Monday, March 09, 2009

Do breakfalls work in real life?

In the dojo we practice our throws -- and breakfalls -- on a 5 cm (2 inch) thick rubberized mat. But do they work in real life?

First, an illustration of what not to do:

Now, can we do better than that?  Will good breakfalling technique help?

Short answer

Long answer
When an untrained person tries to break their fall -- like the unfortunate young skater in the video -- (s)he often tries to extend an arm with the hand bent back.  While this is an effective strategy in low impact situations -- e.g. if you are sitting on the floor and lean too far in any direction -- it is disastrous in any significant fall.  The wrist bends back too far, and -- if you are really unlucky -- the resulting shock wave can travel up your arm and also snap your collar bone (not shown!).

I believe that most of us learn this "propping" reaction as babies first learn to sit, and they soon discover that propping is an effective method to help them keep seated.  It works, but it is not natural, and can be trained out.

Personally, I have used rolling, side, back and forward breakfalling techniques to save me while:
  • inline skating -- many times (both while learning and later on)
  • tripping over fences
  • coming over the handlebars of a bike
  • falling down stairs
  • slipping over while rushing for a train 
Sure, I am accident prone, but the worst that I have suffered from any of these mishaps has been the odd graze.  My training does not make me invincible -- far from it -- but it works much better than the usual disorganized "panic" response (shown above).

Other martial artists that I know have fallen down stairs, off ladders, off motor-bikes and been thrown from cars and survived without breakages.

So, yes, they work.

Breakfalling on concrete
While we usually practice on nice thick mats, I have been asked on occasion to perform a single standing side breakfall on concrete.  My arm stings for about half an hour, but it works.  

I recall reading once about a hapkido group who practiced their breakfalls on concrete all the time, and went on to develop arthritic spines.  True or not, we practice mostly on a padded surface with good reason.  So: Don't try this stunt except under qualified supervision.

Getting hit in the head
Finally, another scenario in which you need to get to the ground safely is when you are hit.  In reading newspaper reports of fatalities and brain-injuries from getting punched in the head, it is often the case that the majority of the damage is incurred when the victim hits his head on the (hard) ground or curb.  This was more-or-less what happened to former Australian cricketer and then Victorian state coach David Hookes.

So, while prevention is better than cure, reliable breakfalling is great insurance!


Michele said...

My sister-in-law was involved in karate for about a year.
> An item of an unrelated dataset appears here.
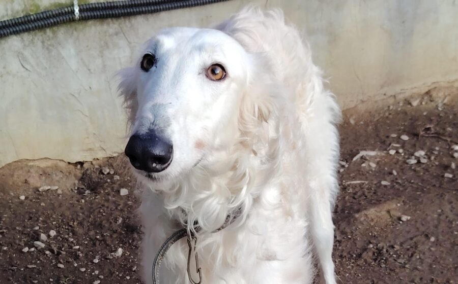 Es gibt Hunde, deren bloße Erscheinung einen sofort innehalten lässt. Dembe ist ein solcher Hund. Mit seinen stolzen 75 cm Körpermaß und seiner eleganten Silhouette ist er vermutlich ein Barsoi – ein Hund von aristokratischer Anmut, dessen sensible Seele so gar nicht zu der Härte passt, die er zuletzt erfahren musste. Sein Name, der in der Sprache Luganda „Frieden“ bedeutet, könnte sein Wesen nicht treffender beschreiben. Doch bevor Dembe diesen Frieden finden durfte, war seine Geschichte von Traurigkeit geprägt: Ursprünglich bei einem Züchter gekauft, wurde er von seiner Familie aufgrund einer Notlage zurückgelassen, als diese nach Spanien auswanderte. Er blieb bei einer Verwandten zurück, die für das feine Wesen eines solchen Hundes keinerlei Verständnis aufbrachte und ihn im Garten an die Kette legte. Ein unvorstellbares Schicksal für einen so menschenbezogenen und feinfühligen Windhund, der für die Freiheit und die Nähe zu seinen Menschen geboren wurde.

She had to give it up due to a hip injury.
Years after she stopped karate, she used a breakfall to prevent injury. She works at a daycare. She was standing on a small ledge reaching for something on a high shelf. She lost her balance and perfomed a rollfall.

Dan Prager said...

Hi Michele

Thanks for stopping by!

Your sister-in-law's story is an encouraging one, emphasizing that basic proficiency in breakfalling is a life-skill that stays with you, even with limited -- but effective -- training.

Anonymous said...

a friend of my taekwondo teacher is a black belt judo who works as car mechanic.

once he fall from hydrolic pump 2 metres above the ground to concrete floor. he just break that fall and came out un-injured.

i wonder what will happen to me if i were to fall like that... :(

Anonymous said...

I have been training judo for about 10 years and to be honest, I can not remember the last time I performed a break fall unless I was getting thrown through nage komi or via a demo. In competition or sparring, when i am thrown I never actually break the fall but just go down.

However, by breakfalling plenty of times through practise, I feel that I have become used to falling without hurting myself, and have also learnt to roll forwards sideways and backwards when tripping over or getting pushed etc. It is now a natural instinct. So yes breakfalling does work in real life, sometimes even if you do not actually break fall.